Conduire est avant tout un apprentissage entre les générations. L’enfant est spectateur du comportement de ses parents. Leur conduite au volant les influence.
A l’âge adulte, la recherche de sensations fortes est souvent l’expression d’une émotion refoulée dans l’enfance. La voiture est un excellent défouloir des frustrations de la vie quotidienne.
C’est aussi une régression. Au volant, les conducteurs reviennent à des réactions puériles et se sentent les maîtres du monde. C’est un sentiment de toute puissance dans laquelle l’autre n’existe plus.
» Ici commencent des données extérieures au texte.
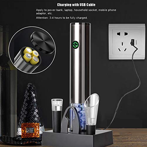 Oplaadbare, duurzame kurkentrekker: hij bestaat uit een duurzame aluminiumlegering met buitengewone textuur. Wij zijn uitgerust met een USB-oplaadkabel om ervoor te zorgen dat hij je lang kan begeleiden, zonder herhaaldelijk batterijen te hoeven kopen.

Et s’il n’existe plus, à la limite, sa vie m’importe peu.
Davantage que la vitesse ou l’alcool, c’est l’individualisme qui tue sur la route.
Le lien entre l’homme et la voiture évolue-t-il ?
La relation entre l’homme et l’automobile est devenue moins passionnelle. La voiture se réduit à une fonctionnalité, qui est de nous transporter.
Cette neutralité dans le rapport a permis d’améliorer la prise de conscience collective. La plupart des automobilistes sont plus responsables, aujourd’hui, que ceux des années soixante-dix, même si la majorité d’entre eux se comporte encore différemment au volant et dans leur vie.
Des conducteurs dangereux peuvent se montrer prudents avec leur compte en banque. D’autres prennent des risques en ski hors pistes, puis rentrent en voiture avec une extrême prudence.
On peut adopter des comportements dangereux, mais en sélectionnant les entorses que l’on s’autorise à commettre. On se déculpabilise en se persuadant que ce sont les infractions commises par les autres qui sont dangereuses et provoquent des accidents mortels. Bien entendu, c’est faux.
Le bilan de la sécurité routière procède de l’addition de toutes ces infractions.